14 de outubro de 2011

"Estupidamente" esclarecidos - Episódio II

Basta reter algumas declarações de hoje de responsáveis europeus (embora por prudência, como seria de prever, ainda só falam porta-vozes) para se perceber o alcance do que escrevi no post anterior.

Diz  Amadeu Altafaj, o porta-voz da Comissão Europeia: «É verdade que este é um exercício muito desafiante e que factos recentes colocam ainda mais pressão em termos de concretização dos objectivos de equilíbrio, mas não temos qualquer dúvida sobre a determinação do Governo em fazer o que for preciso».

É um desafio desafiante porque os responsáveis europeus não fazem a miníma ideia do que resulta ou resultará da aplicação do "modelo de resgate com formatação UE", suas consequências económicas e sociais.

A única permissa razoavelmente previsível é o de acautelar o retorno e respectivo juro do capital de resgate. E o conforto fica todo na determinação que reconhecem ao governo. É apenas dessa determinação que precisam para a sua salvação. Pergunto, no entanto, se este porta-voz não terá falado à revelia de Durão Barroso e se o seu HMV não será lá mais para os lados da ex-RDA agora chancelada.

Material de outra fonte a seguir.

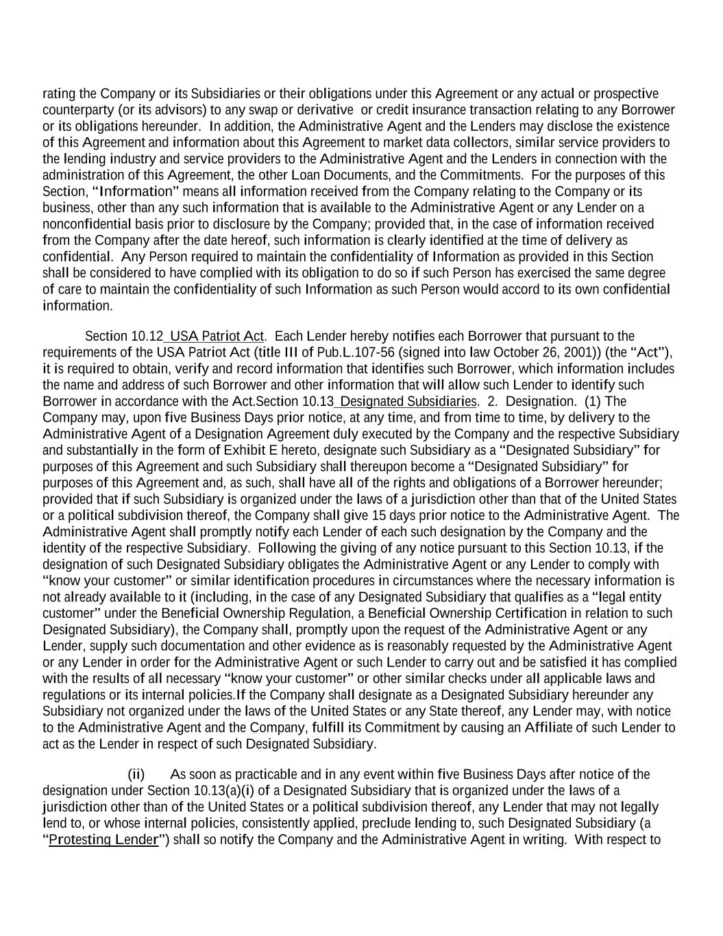 rating the Company or its Subsidiaries or their obligations under this Agreement or any actual or prospective counterparty (or its advisors) to any swap or derivative or credit insurance transaction relating to any Borrower or its obligations hereunder. In addition, the Administrative Agent and the Lenders may disclose the existence of this Agreement and information about this Agreement to market data collectors, similar service providers to the lending industry and service providers to the Administrative Agent and the Lenders in connection with the administration of this Agreement, the other Loan Documents, and the Commitments. For the purposes of this Section, “Information” means all information received from the Company relating to the Company or its business, other than any such information that is available to the Administrative Agent or any Lender on a nonconfidential basis prior to disclosure by the Company; provided that, in the case of information received from the Company after the date hereof, such information is clearly identified at the time of delivery as confidential. Any Person required to maintain the confidentiality of Information as provided in this Section shall be considered to have complied with its obligation to do so if such Person has exercised the same degree of care to maintain the confidentiality of such Information as such Person would accord to its own confidential information. Section 10.12 USA Patriot Act. Each Lender hereby notifies each Borrower that pursuant to the requirements of the USA Patriot Act (title III of Pub.L.107-56 (signed into law October 26, 2001)) (the “Act”), it is required to obtain, verify and record information that identifies such Borrower, which information includes the name and address of such Borrower and other information that will allow such Lender to identify such Borrower in accordance with the Act.Section 10.13 Designated Subsidiaries. 2. Designation. (1) The Company may, upon five Business Days prior notice, at any time, and from time to time, by delivery to the Administrative Agent of a Designation Agreement duly executed by the Company and the respective Subsidiary and substantially in the form of Exhibit E hereto, designate such Subsidiary as a “Designated Subsidiary” for purposes of this Agreement and such Subsidiary shall thereupon become a “Designated Subsidiary” for purposes of this Agreement and, as such, shall have all of the rights and obligations of a Borrower hereunder; provided that if such Subsidiary is organized under the laws of a jurisdiction other than that of the United States or a political subdivision thereof, the Company shall give 15 days prior notice to the Administrative Agent. The Administrative Agent shall promptly notify each Lender of each such designation by the Company and the identity of the respective Subsidiary. Following the giving of any notice pursuant to this Section 10.13, if the designation of such Designated Subsidiary obligates the Administrative Agent or any Lender to comply with “know your customer” or similar identification procedures in circumstances where the necessary information is not already available to it (including, in the case of any Designated Subsidiary that qualifies as a “legal entity customer” under the Beneficial Ownership Regulation, a Beneficial Ownership Certification in relation to such Designated Subsidiary), the Company shall, promptly upon the request of the Administrative Agent or any Lender, supply such documentation and other evidence as is reasonably requested by the Administrative Agent or any Lender in order for the Administrative Agent or such Lender to carry out and be satisfied it has complied with the results of all necessary “know your customer” or other similar checks under all applicable laws and regulations or its internal policies.If the Company shall designate as a Designated Subsidiary hereunder any Subsidiary not organized under the laws of the United States or any State thereof, any Lender may, with notice to the Administrative Agent and the Company, fulfill its Commitment by causing an Affiliate of such Lender to act as the Lender in respect of such Designated Subsidiary. (ii) As soon as practicable and in any event within five Business Days after notice of the designation under Section 10.13(a)(i) of a Designated Subsidiary that is organized under the laws of a jurisdiction other than of the United States or a political subdivision thereof, any Lender that may not legally lend to, or whose internal policies, consistently applied, preclude lending to, such Designated Subsidiary (a “Protesting Lender”) shall so notify the Company and the Administrative Agent in writing. With respect to

Um governo "estupidamente" esclarecido


A face menos conhecida do Primeiro-ministro Passos Coelho é a sua capacidade de doutrinação política, se é que a expressão existe e que ontem revelou o seu lado pujante. A nova doutrina de acção da sua equipa é a da governação "estupidamente" esclarecida. O problema é que não é mal intencionada, é convicta e assumida como o caminho correcto para salvar Portugal. Passos Coelho é uma pessoa idónea e séria, já o provou, mas está rodeado de imbecis no que respeita a matéria económica. Qualquer estudante de economia percebe que este caminho é o limiar do suicídio para a recuperação económica. Porque se  sente então o Primeiro-ministro como um homem no trilho certo?  Primeiro porque tem um Ministro das Finanças com "Formatação UE". Depois porque tem uma equipa económica fraca e desenquadrada da realidade. Terceiro, porque as instâncias internacionais validam o caminho que Passos segue e que é o único que o FMI e o BCE conhecem. E daqui resulta uma acção política supostamente esclarecida mas que acaba por redundar numa vertente "estupidamente" esclarecida.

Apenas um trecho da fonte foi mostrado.